L’intransigeance de ce mode de raisonnement fait écho à celle de la définition de la publicité illicite en faveur des boissons alcooliques que la Chambre criminelle de la Cour de cassation a cru devoir adopter pour justifier la condamnation des responsables du magazine « Action Auto Moto », pour avoir publié lors de l’annonce des résultats du grand prix de Formule 1 d’Australie de 2002 , la photographie du gagnant sur un podium derrière lequel apparaissent les marques Foster’s et Champagne Mumm (2).

La Cour de cassation a en effet déformé la définition de la publicité indirecte en faveur d’une boisson alcoolique prévue à l’article L 3323-3 du code de la santé publique (3) en déclarant qu’« on entend par publicité illicite au sens des articles L 3323 -2, L 3323-3 et L 3351-7 du Code de la santé publique, tout acte en faveur d’un organisme, d’un service, d’une activité, d’un produit ou d’un article ayant pour effet, quelle qu’en soit la finalité, de rappeler une boisson alcoolique, sans satisfaire aux exigences de l’article L 3323-4 du même code ». Alors que la publicité indirecte en faveur d’une boisson alcoolique suppose l’existence d’une publicité en faveur d’un autre produit ou servie, la Cour de Cassation s’est contentée d’un « acte », c’est-à-dire en l’occurrence d’un article d’information.

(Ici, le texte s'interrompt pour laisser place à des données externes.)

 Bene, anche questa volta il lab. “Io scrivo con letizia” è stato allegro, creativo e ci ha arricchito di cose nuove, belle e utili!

  • Une sévérité mal fondée sur le plan juridique

Dans le Projet Deovino, le Conseil d’Etat se contente du sujet d’une chaîne thématique pour considérer qu’il ne peut être traité que dans un contexte et une finalité publicitaire. Ce mode de raisonnement ressemble fort à une condamnation à priori, fondée sur des présupposés aux lieu et place d’un examen des faits au regard des critères permettant de leur attribuer une qualification, dont découle la mise en œuvre des règles de droit qui leur sont applicables.

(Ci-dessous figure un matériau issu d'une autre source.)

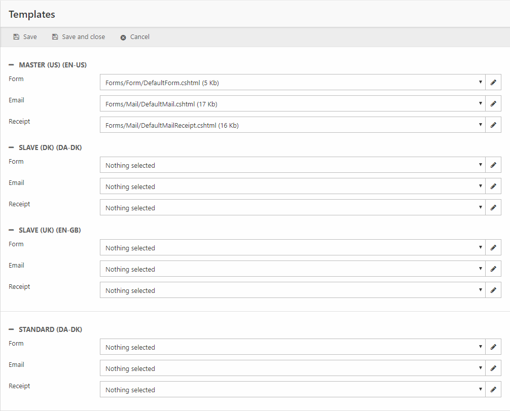 Using this interface, you can select or create website-specific templates to use when a user selects the Automatic option in a forms for editors app.

L’article 10 de la Convention Européenne des droits de l’homme (4) devrait donc retrouver son empire, dans la mesure où il n’est pas démontré que l’annulation prononcée par le Conseil d’Etat repose sur des faits qui correspondent de façon indiscutable de ceux qui justifient la restriction à la liberté d’expression résultant des dispositions de l’article L 3323-2, à savoir l’interdiction de toute publicité à la télévision en faveur d’une boisson alcoolique.

(1) CE 11 juillet 2012 n° 351253 Société Media Place Partners.
(2) Cass. 3 novembre 2004, n° 04-81123.
(3) Art. L 3323-3 Code de la santé publique « Est considérée comme propagande ou publicité indirecte la propagande ou publicité en faveur d’un organisme, d’un service, d’une activité, d’un produit ou d’un article autre qu’une boisson alcoolique qui, par son graphisme, sa présentation, l’utilisation d’une dénomination, d’une marque, d’un emblème publicitaire ou d’un autre signe distinctif, rappelle une boisson alcoolique.(…) ».
(4) Convention Européenne des droits de l’Homme, art.10 :
1.Toute personne a droit à la liberté d’expression. Ce droit comprend la liberté d’opinion et la liberté de recevoir ou de communiquer des informations ou des idées sans qu’il puisse y avoir ingérence d’autorités publiques et sans considération de frontière
Le présent article n’empêche pas les Etats de soumettre les entreprises de radiodiffusion, de cinéma ou de télévision à un régime d’autorisations.
2. L’exercice de ces libertés comportant des devoirs et des responsabilités peut être soumis à certaines formalités, conditions, restrictions ou sanctions prévues par la loi, qui constituent des mesures nécessaires dans une société démocratique , à la sécurité nationale, à l’intégrité territoriale ou à la sûreté publique, à la défense de l’ordre et à la prévention du crime, à la protection de la santé ou de la morale, à la protection de la réputation ou des droits d’autrui, pour empêcher la divulgation d’informations confidentielles ou pour garantir l’autorité et l’impartialité du pouvoir judiciaire.